TASK GOAL
Starting at the top of the entries below, set down each line exactly as written, and stop after the line containing "1955 Scientist of".

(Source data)
※
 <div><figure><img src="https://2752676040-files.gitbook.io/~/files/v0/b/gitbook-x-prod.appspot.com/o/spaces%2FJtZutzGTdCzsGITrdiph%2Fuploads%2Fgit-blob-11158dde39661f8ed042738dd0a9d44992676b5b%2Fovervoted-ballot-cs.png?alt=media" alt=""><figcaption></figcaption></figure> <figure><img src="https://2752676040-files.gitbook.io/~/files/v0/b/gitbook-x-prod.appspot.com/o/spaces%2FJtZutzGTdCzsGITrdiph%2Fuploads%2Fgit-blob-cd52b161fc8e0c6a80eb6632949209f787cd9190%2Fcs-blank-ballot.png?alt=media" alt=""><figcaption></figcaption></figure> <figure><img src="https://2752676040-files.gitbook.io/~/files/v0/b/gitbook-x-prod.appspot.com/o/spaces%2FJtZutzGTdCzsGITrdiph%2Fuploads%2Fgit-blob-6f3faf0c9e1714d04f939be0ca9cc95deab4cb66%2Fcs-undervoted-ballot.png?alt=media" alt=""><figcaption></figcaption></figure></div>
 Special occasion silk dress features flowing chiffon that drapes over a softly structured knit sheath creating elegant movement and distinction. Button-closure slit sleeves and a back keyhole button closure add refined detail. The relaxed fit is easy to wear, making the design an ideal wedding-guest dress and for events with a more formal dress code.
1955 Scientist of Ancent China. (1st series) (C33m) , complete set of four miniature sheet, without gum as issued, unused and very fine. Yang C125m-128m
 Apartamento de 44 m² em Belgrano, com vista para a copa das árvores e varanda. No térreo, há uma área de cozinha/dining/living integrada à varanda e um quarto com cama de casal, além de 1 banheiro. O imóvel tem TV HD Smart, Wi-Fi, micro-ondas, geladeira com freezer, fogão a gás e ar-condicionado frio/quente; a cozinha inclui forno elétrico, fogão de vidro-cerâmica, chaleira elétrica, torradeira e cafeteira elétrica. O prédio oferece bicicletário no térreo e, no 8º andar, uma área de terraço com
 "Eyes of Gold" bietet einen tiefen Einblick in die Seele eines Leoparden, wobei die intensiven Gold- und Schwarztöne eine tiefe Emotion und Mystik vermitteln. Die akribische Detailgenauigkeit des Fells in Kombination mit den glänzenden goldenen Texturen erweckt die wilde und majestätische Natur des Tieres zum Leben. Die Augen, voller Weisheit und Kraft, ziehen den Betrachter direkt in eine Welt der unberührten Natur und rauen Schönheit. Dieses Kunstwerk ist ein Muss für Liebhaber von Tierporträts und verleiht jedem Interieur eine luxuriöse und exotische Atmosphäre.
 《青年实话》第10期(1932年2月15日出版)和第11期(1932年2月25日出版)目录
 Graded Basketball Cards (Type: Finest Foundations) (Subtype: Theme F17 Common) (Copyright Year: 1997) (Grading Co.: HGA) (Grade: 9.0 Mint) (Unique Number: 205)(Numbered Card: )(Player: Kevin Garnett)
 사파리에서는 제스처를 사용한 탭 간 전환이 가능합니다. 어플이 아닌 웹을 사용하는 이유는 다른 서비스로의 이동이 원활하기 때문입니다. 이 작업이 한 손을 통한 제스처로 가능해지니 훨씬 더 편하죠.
※
FINISHED EXERCISE
 <div><figure><img src="https://2752676040-files.gitbook.io/~/files/v0/b/gitbook-x-prod.appspot.com/o/spaces%2FJtZutzGTdCzsGITrdiph%2Fuploads%2Fgit-blob-11158dde39661f8ed042738dd0a9d44992676b5b%2Fovervoted-ballot-cs.png?alt=media" alt=""><figcaption></figcaption></figure> <figure><img src="https://2752676040-files.gitbook.io/~/files/v0/b/gitbook-x-prod.appspot.com/o/spaces%2FJtZutzGTdCzsGITrdiph%2Fuploads%2Fgit-blob-cd52b161fc8e0c6a80eb6632949209f787cd9190%2Fcs-blank-ballot.png?alt=media" alt=""><figcaption></figcaption></figure> <figure><img src="https://2752676040-files.gitbook.io/~/files/v0/b/gitbook-x-prod.appspot.com/o/spaces%2FJtZutzGTdCzsGITrdiph%2Fuploads%2Fgit-blob-6f3faf0c9e1714d04f939be0ca9cc95deab4cb66%2Fcs-undervoted-ballot.png?alt=media" alt=""><figcaption></figcaption></figure></div>
 Special occasion silk dress features flowing chiffon that drapes over a softly structured knit sheath creating elegant movement and distinction. Button-closure slit sleeves and a back keyhole button closure add refined detail. The relaxed fit is easy to wear, making the design an ideal wedding-guest dress and for events with a more formal dress code.
1955 Scientist of Ancent China. (1st series) (C33m) , complete set of four miniature sheet, without gum as issued, unused and very fine. Yang C125m-128m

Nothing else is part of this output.